Amazon Delivery Service Partner Ranks Culled; Pricing Warehouse Robots Lower than Human Costs; Big Drop in Trucking Volumes, Rates; US Industrial Robot Shipments Fell in 2019       

   
 
 
 
 

1300

That’s about how many drivers employed as part of the Amazon Delivery Service Partners (DSP) program are losing their jobs. That’s the program in which local entrepreneurs in effect receive franchises to make parcel deliveries in their areas, with subsidized leases of Amazon-branded vans and other support. But some of those business owners appear to be left high and dry now, as Amazon announced it was no longer going to send parcels to some partners for what it says are failures to meet performance standards. One of those impacted is Bear Down Logistics, an Illinois company that rapidly expanded over the past two years, and is now shuttering operations in five states and letting go of about 400 drivers after being cut by Amazon.
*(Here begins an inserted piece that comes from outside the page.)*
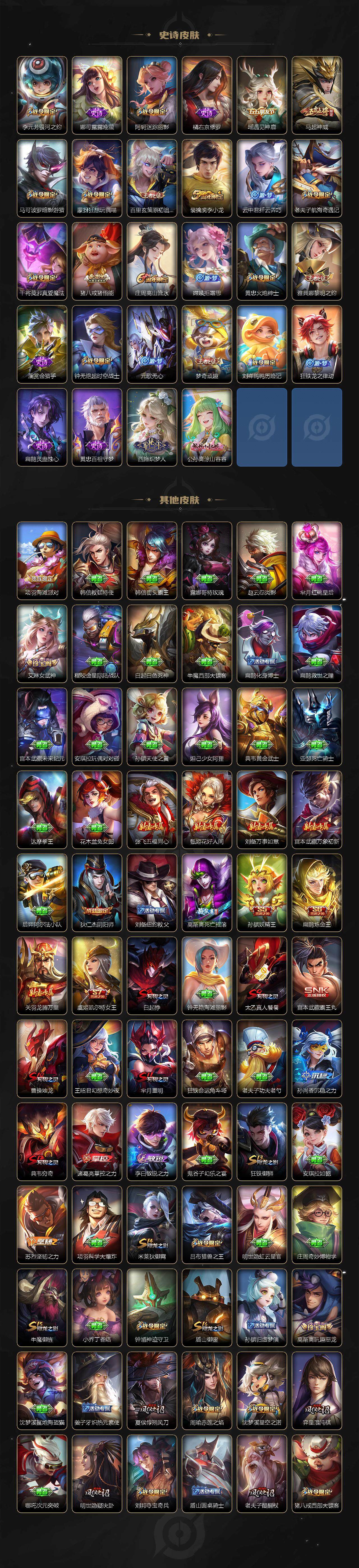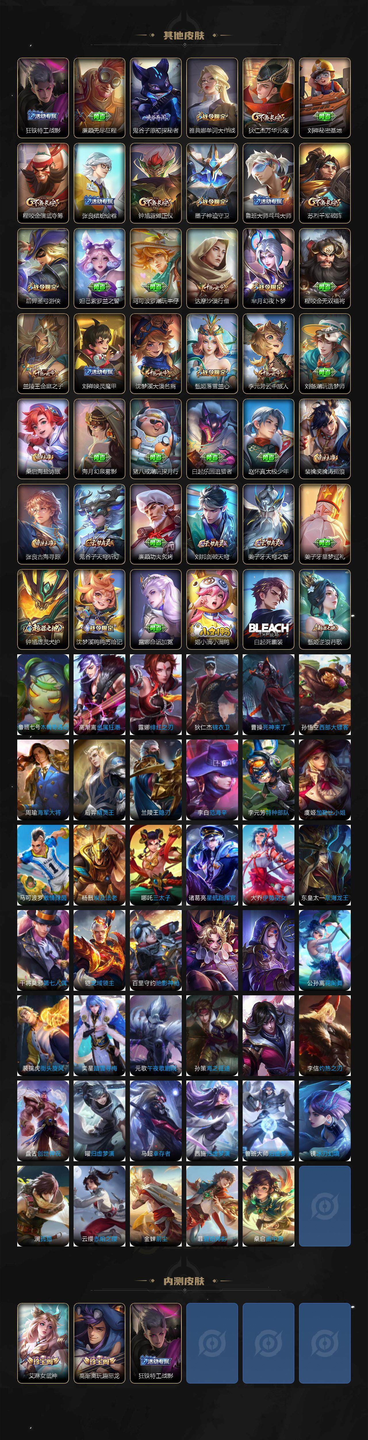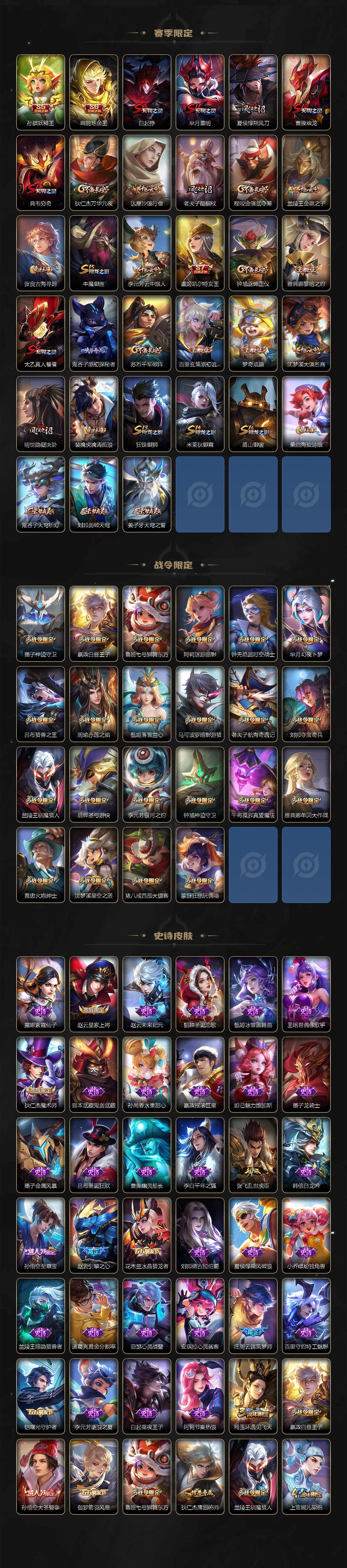 【限定皮肤】:白起狰,姜子牙天穹之誓,狄仁杰阴阳师,虞姬凯尔特女王,赵云皇家上将,赵云引擎之心,墨子神迹守卫,嬴政白昼王子,鲁班七号狮舞东方,庄周云端筑梦师,庄周高山流水,高渐离死亡摇滚,高渐离玩趣恶龙,阿轲迷踪丽影,钟无艳超时空战士,孙膑妖精王,扁鹊炼金王,芈月重明,芈月幻夜卜梦,吕布猎兽之王,周瑜赤莲之焰,元歌无心,夏侯惇朔风刀,甄姬落雪兰心,曹操烛龙,典韦穷奇,马可波罗暗影游猎,狄仁杰魔术师,狄仁杰万华元夜,达摩沙漠行僧,项羽海滩派对,老夫子醍醐杖,老夫子航海奇遇记,程咬金演武夺筹,刘邦夺宝奇兵,兰陵王驯魔猎人,兰陵王金庭之子,孙悟空至尊宝,孙悟空大圣娶亲,牛魔御旌,后羿圣弓游侠,李元芳银河之约,李元芳云中旅人,钟馗神迹守卫,钟馗驱傩正仪,杨玉环遇见飞天,干将莫邪真爱魔法,雅典娜单词大作战,雅典娜黎明之约,太乙真人饕餮,鬼谷子原初探秘者,诸葛亮时雨天司,黄忠火炮绅士,苏烈千军破阵,百里玄策白虎志,百里玄策原初追逐者,弈星混沌棋,梦奇顽趣,沈梦溪星空之诺,沈梦溪大漠名商,明世隐疑决卦,裴擒虎李小龙,裴擒虎擒涛扼浪,狂铁御狮,米莱狄御霄,云中君纤云弄巧,盾山御銮,猪八戒西部大镖客,猪八戒猪悟能,上官婉儿梁祝,嫦娥拒霜思,蒙犽狂想玩偶喵,桑启海盐诗旅,艾琳女武神,张良古海寻踪,鬼谷子天穹祈灯,刘邦剑破天穹

Delivery Force, an Amazon delivery partner in Washington state, is cutting 272 drivers in Seattle and other cities. "The action underscores the challenges of outsourcing deliveries to new, untested companies instead of traditional partners such as United Parcel Service Inc. and FedEx Corp.," Bloomberg.com notes. "It also serves as a warning to Amazon delivery partners that the company is an exacting client willing to cut them off."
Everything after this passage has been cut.